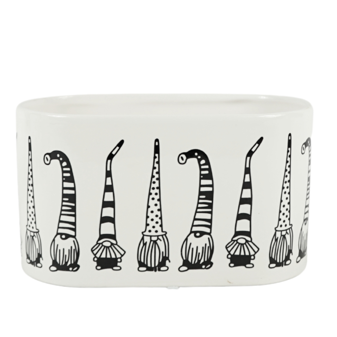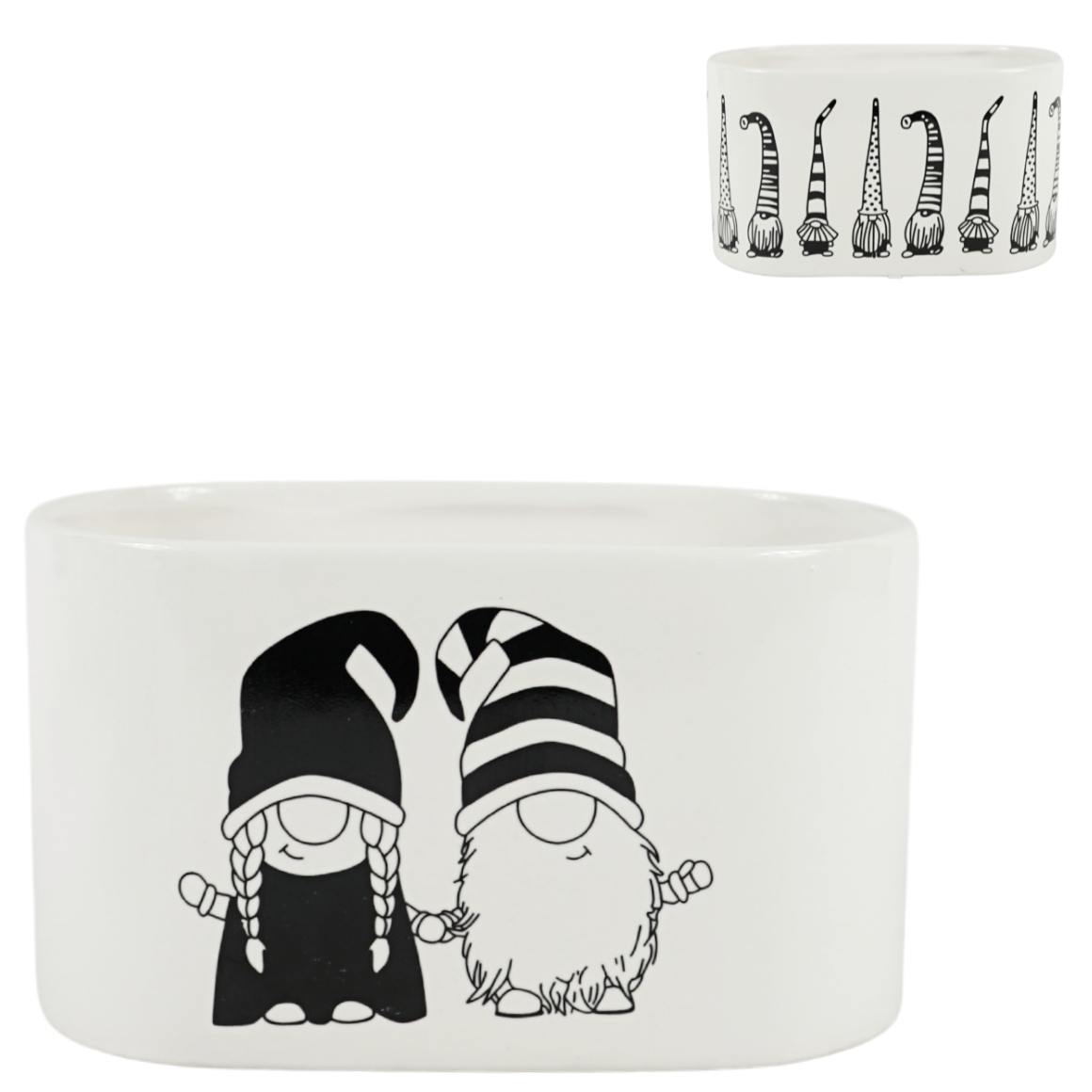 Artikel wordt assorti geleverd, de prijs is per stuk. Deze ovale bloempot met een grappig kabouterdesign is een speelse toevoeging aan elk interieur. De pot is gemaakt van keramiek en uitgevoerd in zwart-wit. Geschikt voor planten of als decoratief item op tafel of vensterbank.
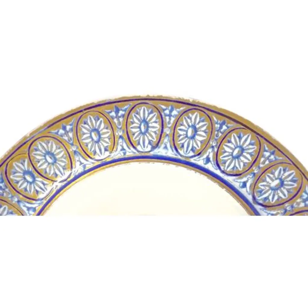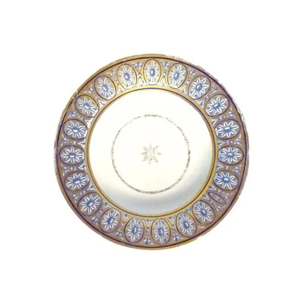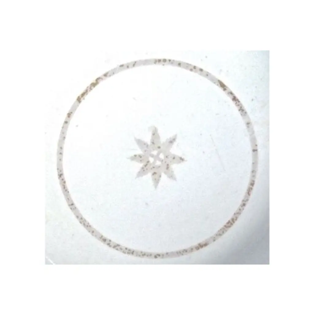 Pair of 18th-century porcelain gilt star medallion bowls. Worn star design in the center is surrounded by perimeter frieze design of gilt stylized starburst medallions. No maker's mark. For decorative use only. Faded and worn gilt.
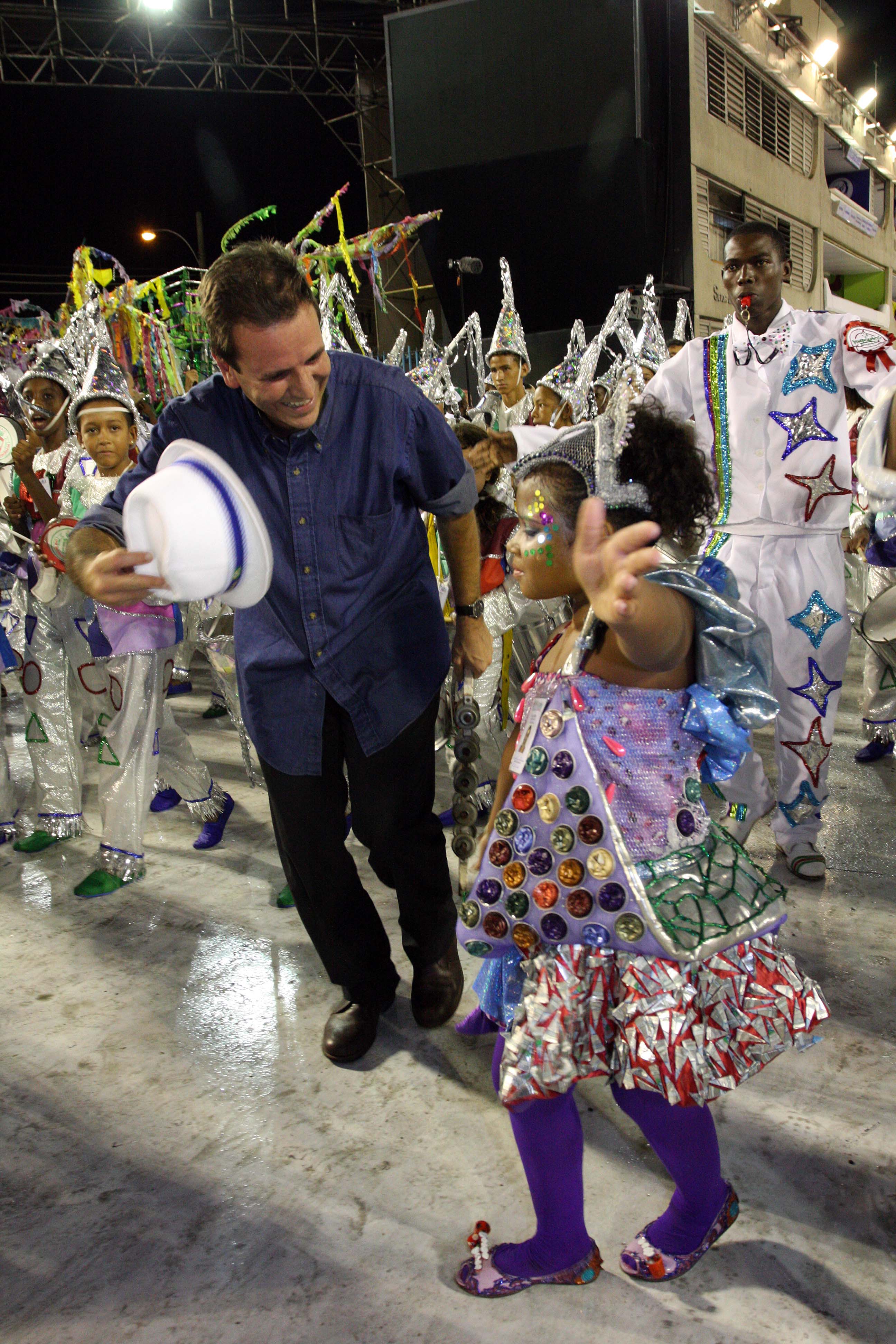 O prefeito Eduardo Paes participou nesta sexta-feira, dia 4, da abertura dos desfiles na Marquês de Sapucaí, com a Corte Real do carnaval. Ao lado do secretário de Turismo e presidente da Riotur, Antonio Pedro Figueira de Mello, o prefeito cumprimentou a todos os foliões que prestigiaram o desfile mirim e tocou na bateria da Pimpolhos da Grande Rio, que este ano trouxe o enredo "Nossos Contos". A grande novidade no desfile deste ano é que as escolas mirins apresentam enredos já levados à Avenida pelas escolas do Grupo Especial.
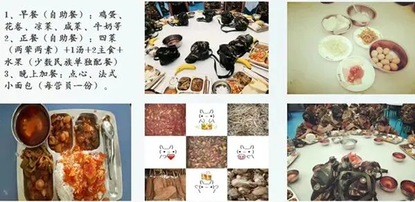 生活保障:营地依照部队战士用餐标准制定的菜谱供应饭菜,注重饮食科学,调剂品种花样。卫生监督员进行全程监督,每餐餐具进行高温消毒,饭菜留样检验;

....

§ YOUR INSTRUCTIONS:
Could you repeat each line above exactly as written? Omit the pictures.

§ YOUR RESPONSE:
 Artikel wordt assorti geleverd, de prijs is per stuk. Deze ovale bloempot met een grappig kabouterdesign is een speelse toevoeging aan elk interieur. De pot is gemaakt van keramiek en uitgevoerd in zwart-wit. Geschikt voor planten of als decoratief item op tafel of vensterbank.
 Pair of 18th-century porcelain gilt star medallion bowls. Worn star design in the center is surrounded by perimeter frieze design of gilt stylized starburst medallions. No maker's mark. For decorative use only. Faded and worn gilt.
 O prefeito Eduardo Paes participou nesta sexta-feira, dia 4, da abertura dos desfiles na Marquês de Sapucaí, com a Corte Real do carnaval. Ao lado do secretário de Turismo e presidente da Riotur, Antonio Pedro Figueira de Mello, o prefeito cumprimentou a todos os foliões que prestigiaram o desfile mirim e tocou na bateria da Pimpolhos da Grande Rio, que este ano trouxe o enredo "Nossos Contos". A grande novidade no desfile deste ano é que as escolas mirins apresentam enredos já levados à Avenida pelas escolas do Grupo Especial.
 生活保障:营地依照部队战士用餐标准制定的菜谱供应饭菜,注重饮食科学,调剂品种花样。卫生监督员进行全程监督,每餐餐具进行高温消毒,饭菜留样检验;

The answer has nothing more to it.